I have another sample here, but there is no allow log at all.

It appears that the conntrack entry was created in the incorrect direction. Should the source and destination be swapped?

Jayanth Varavani · Answer 13 · Sat Jan 13 2024 05:29:45 GMT+0800 (China Standard Time)

@khayong - There will be few seconds(1-2s) delay for the controller to reconcile and attach probes to the new pods. Traffic will be allowed until the probes are attached and then the policy enforcement will take into effect based on the config..in this case probe was probably missing when ingress traffic came in and so no conntrack entry was created.

Regarding the 2nd issue, do you have active policy on .54 pod? if yes can you share the PE?

Tan Khay Ong · Answer 14 · Sat Jan 13 2024 17:57:36 GMT+0800 (China Standard Time)

Regarding the 2nd issue, do you have active policy on .54 pod? if yes can you share the PE?

yes, here it is

apiVersion: networking.k8s.aws/v1alpha1
kind: PolicyEndpoint
metadata:
  creationTimestamp: "2024-01-11T16:17:37Z"
  generateName: live2-gateway-
  generation: 1
  name: live2-gateway-855lp
  namespace: live2
  ownerReferences:
  - apiVersion: networking.k8s.io/v1
    blockOwnerDeletion: true
    controller: true
    kind: NetworkPolicy
    name: live2-gateway
    uid: e2fec936-f1d0-4f9a-bd8c-07d5967ba9e8
  resourceVersion: "24471548"
  uid: 2734c483-dc7b-412f-983b-6f2d2b2ca463
spec:
  egress:  
  - cidr: 0.0.0.0/0
    ports:
    - port: 53
      protocol: UDP
  - cidr: ::/0
    ports:
    - port: 53
      protocol: UDP  
  ingress:  
  - cidr: 10.0.64.172
    ports:
    - port: 8080
      protocol: TCP
    - port: 8080
      protocol: TCP
  - cidr: 10.0.78.236
    ports:
    - port: 8080
      protocol: TCP
    - port: 8080
      protocol: TCP        
  podIsolation:
  - Ingress
  - Egress
  podSelector:
    matchLabels:
      app.kubernetes.io/instance: live2
      app.kubernetes.io/name: gateway
  podSelectorEndpoints:
  - hostIP: 10.0.54.248
    name: live2-gateway-b575dcf44-w6sfc
    namespace: live2
    podIP: 10.0.59.54
  - hostIP: 10.0.54.248
    name: live2-gateway-b575dcf44-ktrzz
    namespace: live2
    podIP: 10.0.60.190
  policyRef:
    name: live2-gateway
    namespace: live2

Jayanth Varavani · Answer 15 · Wed Jan 17 2024 06:47:14 GMT+0800 (China Standard Time)
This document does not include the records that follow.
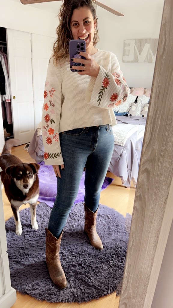 I don’t know if it was because this awards show was rescheduled twice or because it’s on cable or because it doesn’t really matter, but everyone SURE dressed like dumpster soup! In fact, I’ll go so far as to say that the men all looked stunning and the women all looked like they got dressed in the dark. #Feminism. No but seriously, I gotta calls it like I sees it. Kanye’s slave, oop, I mean wife, who showed up fully nude to the Grammys looked better than this ragtag crew. So in light of the fact that I gasped at half of these looks, I will most certainly not be dividing it up into categories. You get what you get and you don’t throw a fit. Here’s my Kacey Musgraves bohemian cowgirl inspired lewk that I wore to therapy after the Grammys this week. It didn’t receive rave reviews but my dog couldn’t take her eyes off me and that’s really all that matters. (Definitely didn’t have to do with the fact that she needed a walk and I was busy taking mirror selfies.)
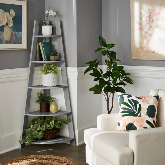 Ladder Back 24"H Swivel Counter Height Stool - Dark Charry Finish, Gray Linan
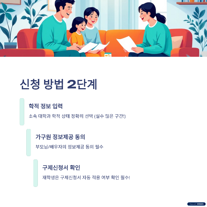 - 가구원 동의 누락: 신청을 다 해놓고 부모님의 정보제공 동의를 받지 않아 탈락하는 경우가 정말 많습니다. 신청과 동시에 부모님께 연락드려 동의를 완료하는 것이 가장 좋습니다.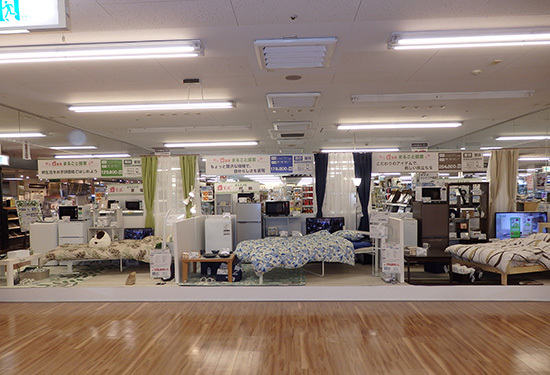土井一宣店長は「インテリアコーディネーターの資格をもつ社員を数名配置しているので、1階の家具やリフォームをきっかけに2階の家電を案内したり、逆に2階の家電の買い替えをきっかけにリフォームを提案したり、お客様が自在に行き来できるようにしている」と語る。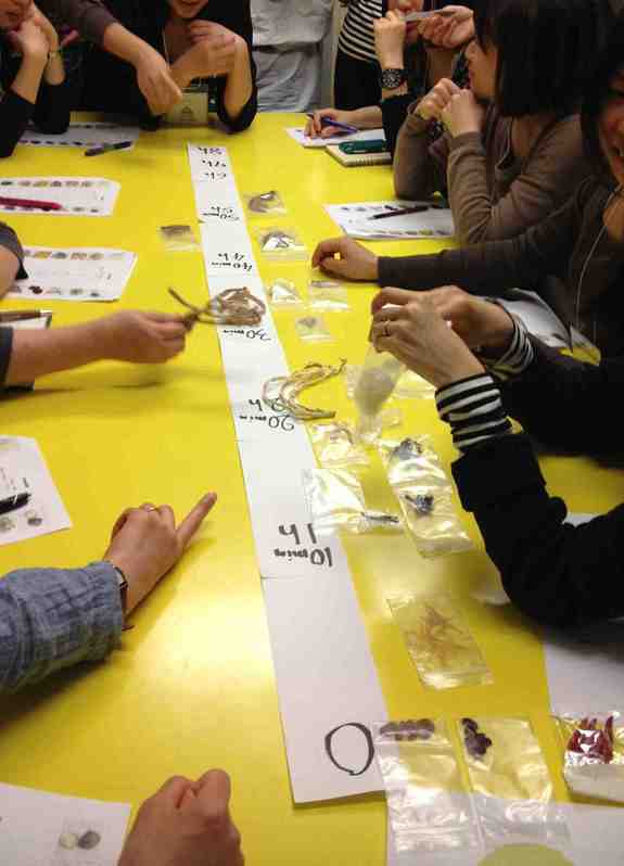 (乾物時間を体感することで「乾物のある生活」にシフトできるように、時間軸を使ったワーク。実は乾物の8割方は20分もあれば戻る。帰宅して水につけてシャワーを浴びて戻れば下ごしらえ完了。実は乾物料理は下ごしらえがラクで生ゴミもでないお気楽食材なのです)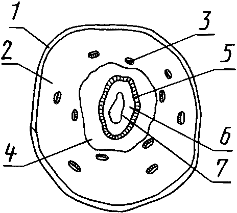 плода - мезокарпий; 3 - проводящие пучки; 4 - двухслойный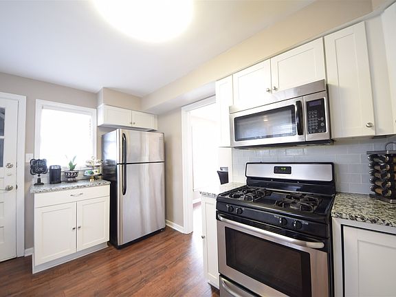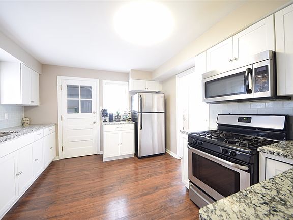 Accepted Offer - Accepting Back-Up Offers. This 4 Bedroom, 2 bath 1940's charmer has been completely renovated and restored with its original character. Hardwood laminate flooring throughout. The roof was new in 2015 and the whole interior & exterior were professionally repainted 3 years ago. Entering the foyer, there are 2 separate coat closets, a spacious living room with wood burning fireplace, a formal dining room, and an updated kitchen with granite countertops, stainless appliances, and glass subway tile. The master bedroom is located on the main floor and offers double closest as well as built in bookcase. Laundry is conveniently located near the master bedroom. Upstairs, there are 3 large bedrooms and a beautifully updated bath. A large back yard with patio area for grilling.
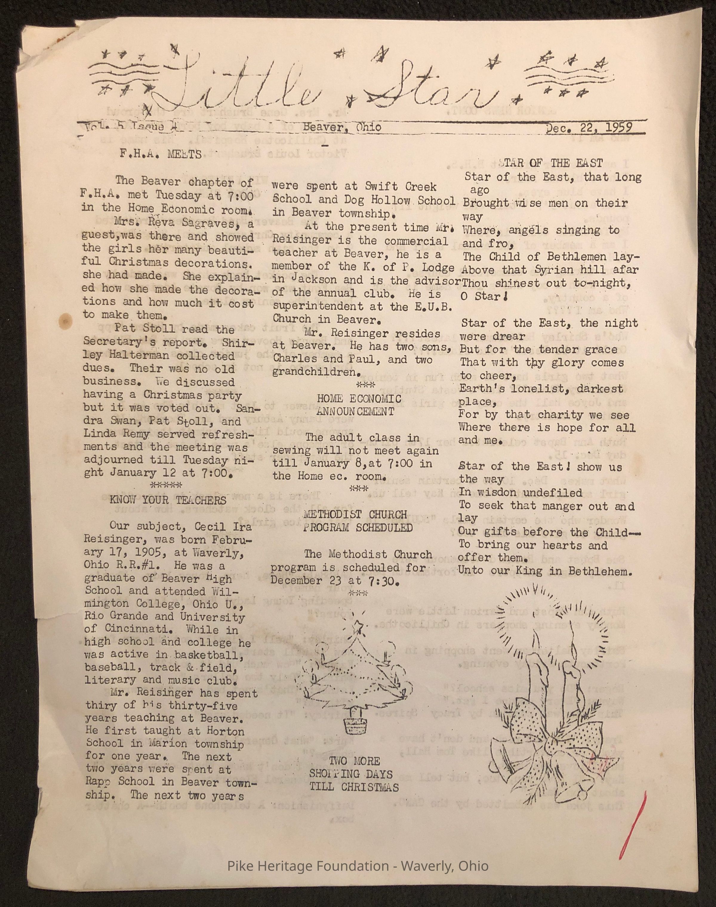Beaver High School Student Council Newsletter “Little Star” published in December 1959.Collection

@khayong we are unable to repro this. Can we get on a call? Are you on Kubernetes channel is so we can connect in #aws-vpc-cni .
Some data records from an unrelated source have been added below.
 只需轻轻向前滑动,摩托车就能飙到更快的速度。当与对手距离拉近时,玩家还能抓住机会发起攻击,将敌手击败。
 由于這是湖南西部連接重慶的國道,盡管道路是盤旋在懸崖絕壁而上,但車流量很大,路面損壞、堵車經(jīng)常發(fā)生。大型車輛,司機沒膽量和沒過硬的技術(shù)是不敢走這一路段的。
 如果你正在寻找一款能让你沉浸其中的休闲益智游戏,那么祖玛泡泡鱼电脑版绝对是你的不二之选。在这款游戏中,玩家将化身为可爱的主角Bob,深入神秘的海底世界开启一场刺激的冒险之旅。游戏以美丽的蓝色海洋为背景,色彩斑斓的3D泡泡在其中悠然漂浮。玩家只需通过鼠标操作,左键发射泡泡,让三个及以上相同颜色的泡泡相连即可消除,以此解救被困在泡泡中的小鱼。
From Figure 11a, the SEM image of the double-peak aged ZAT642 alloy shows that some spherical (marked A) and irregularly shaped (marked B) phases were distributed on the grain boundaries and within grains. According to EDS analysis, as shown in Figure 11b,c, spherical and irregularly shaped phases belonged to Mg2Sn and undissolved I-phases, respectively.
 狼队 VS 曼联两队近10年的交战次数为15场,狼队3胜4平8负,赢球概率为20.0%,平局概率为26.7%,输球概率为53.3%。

Jayanth Varavani · Answer 16 · Wed Feb 21 2024 01:57:09 GMT+0800 (China Standard Time)

Can you please try with the latest v1.0.8 release? - https://github.com/aws/amazon-vpc-cni-k8s/releases/tag/v1.16.3

Jeffrey Nelson · Answer 17 · Tue Feb 27 2024 00:54:36 GMT+0800 (China Standard Time)

Closing as v1.0.8 has been released. Please reopen if your issue is not resolved.